* Your objective *
Copy the lines from the start of the records below through the line containing "Knit from a", both included, and leave out the pictures.

* Exercise inputs *
*** Block opens ***

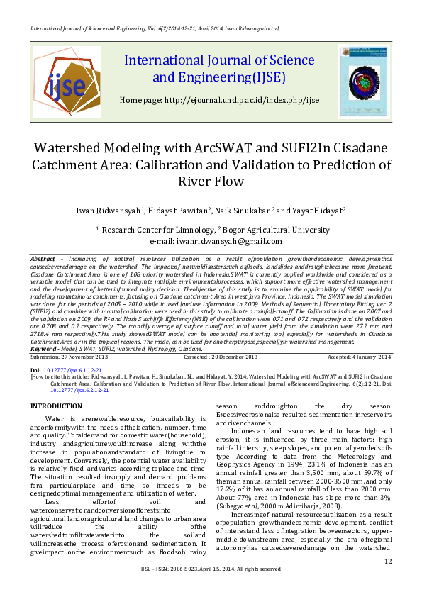 Pdf Watershed Modeling With Arcswat And Sufi2 In Cisadane Catchment Area Calibration And Validation Of River Flow Prediction Yayat Rahmat Hidayat Academia Edu
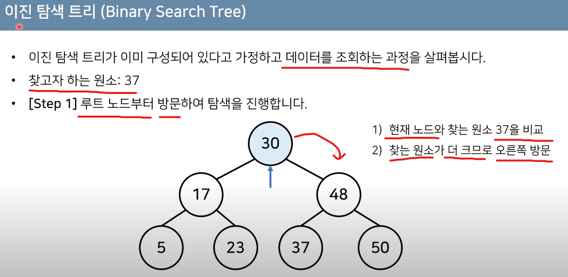 여기에서는 이진 탐색 트리를 어떻게 만드는 건지는 생략하고
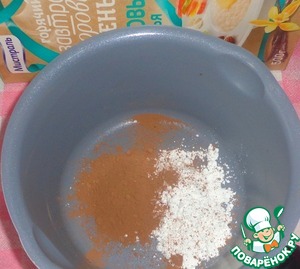 • Тем временем соединяем кукурузный крахмал, какао-порошок, соль и ванилин.
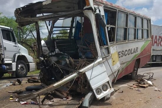 O ônibus ficou com a frente completamente destruída - Foto: Reprodução | Redes SociaisUma batida entre um ônibus escolar e uma carreta deixou, pelo menos, três pessoas mortas na manhã…
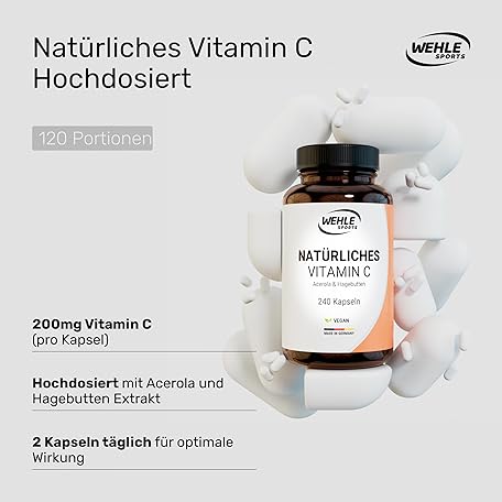 Sản phẩm Natural Vitamin C, 240 High Dose Vegan Capsules for a 4 Month Supply, Acerola Extract & Rose Hip Extract, 400 mg Pure Vitamin C per Daily Dose (2 Capsules), Laboratory Tested đang được bán với giá ưu đãi là $25.3643 tại nước Đức.
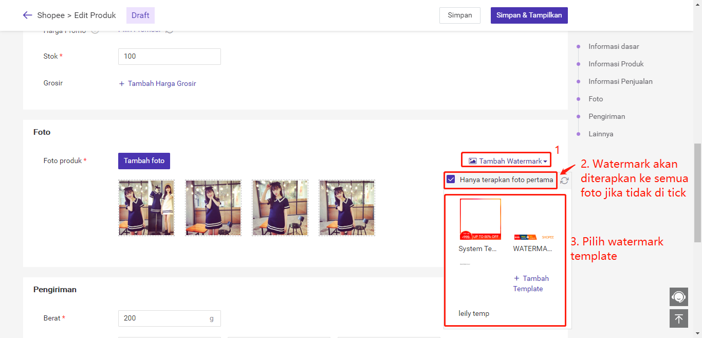 Hal yang sangat diperlukan bagi toko untuk melakukan promosi adalah menambahkan watermark pada gambar produk, ya bener, yaitu gambar yang ditambah watermark.
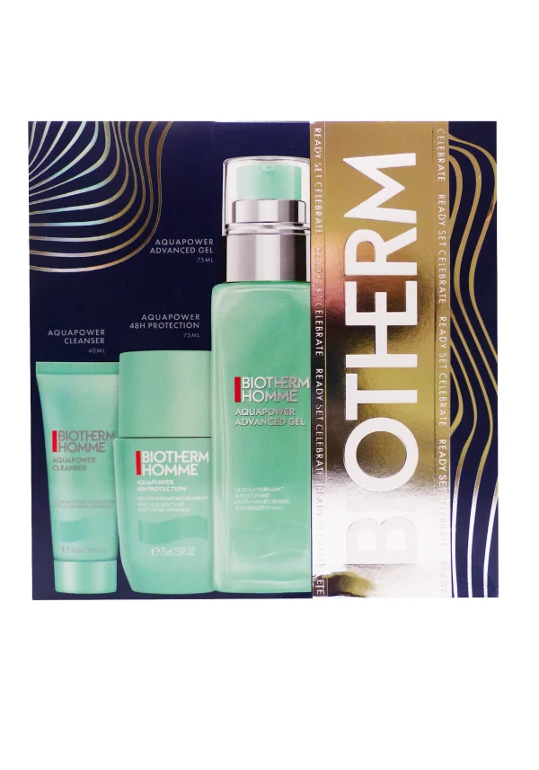 Le nettoyant Aquapower Cleanser élimine efficacement impuretés et excès de sébum, sans dessécher la peau. Il prépare l’épiderme à recevoir le gel hydratant Aquapower, star des soins hydratants homme, dont la texture non-grasse pénètre instantanément et procure une sensation immédiate de fraîcheur. Enfin, le déodorant anti-transpirant homme Biotherm agit pendant 48 heures pour offrir une protection fiable contre l’humidité et les odeurs, tout en respectant la peau.
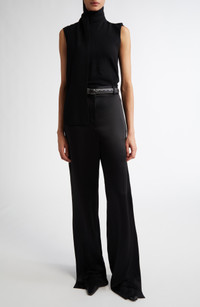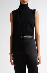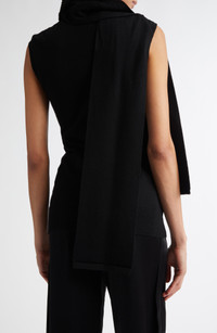 Knit from a midweight merino-wool blend, this sleeveless top features a sophisticated slim shape and an attached scarf, embodying a recurring theme of the brand. Funnel neck with attached scarf Sleeveless 92% merino wool, 8% polyamide Hand wash, dry flat Imported Designer Clothing
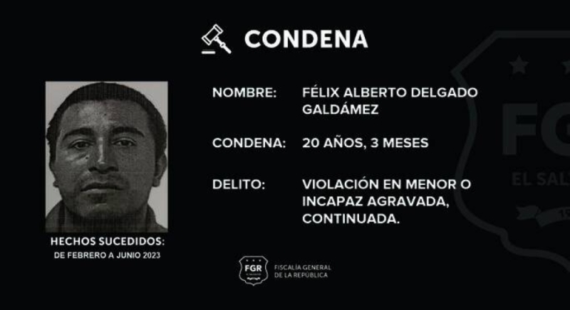 La Fiscalía General de la República (FGR) ha informado sobre la condena de Félix Alberto Delgado Galdámez a 20 años y tres meses de prisión por violación en menor de edad, cometida en varias ocasiones entre febrero y junio de 2023 en el distrito de Candelaria, Cuscatlán.
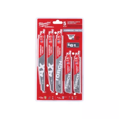 - Includes: (2) 9" AX™ with carbide teeth Sawzall® blades, (1) 9" Torch™ with carbide teeth Sawzall® blade, (2) 6" Torch™ with carbide teeth Sawzall® blades
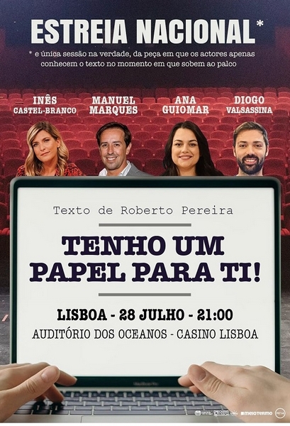 Em estreia nacional, o Auditório dos Oceanos do Casino Lisboa propõe, no próximo dia 28 de Julho, pelas 21 horas, “Tenho Um Papel Para Ti!”. Com um elenco de luxo, estarão em palco Inês Castel-Branco, Manuel Marques, Ana Guiomar e Diogo Valsassina. O texto é de Roberto Pereira.

*** Block closes ***

* Result for this exercise *
 Pdf Watershed Modeling With Arcswat And Sufi2 In Cisadane Catchment Area Calibration And Validation Of River Flow Prediction Yayat Rahmat Hidayat Academia Edu
 여기에서는 이진 탐색 트리를 어떻게 만드는 건지는 생략하고
 • Тем временем соединяем кукурузный крахмал, какао-порошок, соль и ванилин.
 O ônibus ficou com a frente completamente destruída - Foto: Reprodução | Redes SociaisUma batida entre um ônibus escolar e uma carreta deixou, pelo menos, três pessoas mortas na manhã…
 Sản phẩm Natural Vitamin C, 240 High Dose Vegan Capsules for a 4 Month Supply, Acerola Extract & Rose Hip Extract, 400 mg Pure Vitamin C per Daily Dose (2 Capsules), Laboratory Tested đang được bán với giá ưu đãi là $25.3643 tại nước Đức.
 Hal yang sangat diperlukan bagi toko untuk melakukan promosi adalah menambahkan watermark pada gambar produk, ya bener, yaitu gambar yang ditambah watermark.
 Le nettoyant Aquapower Cleanser élimine efficacement impuretés et excès de sébum, sans dessécher la peau. Il prépare l’épiderme à recevoir le gel hydratant Aquapower, star des soins hydratants homme, dont la texture non-grasse pénètre instantanément et procure une sensation immédiate de fraîcheur. Enfin, le déodorant anti-transpirant homme Biotherm agit pendant 48 heures pour offrir une protection fiable contre l’humidité et les odeurs, tout en respectant la peau.
 Knit from a midweight merino-wool blend, this sleeveless top features a sophisticated slim shape and an attached scarf, embodying a recurring theme of the brand. Funnel neck with attached scarf Sleeveless 92% merino wool, 8% polyamide Hand wash, dry flat Imported Designer Clothing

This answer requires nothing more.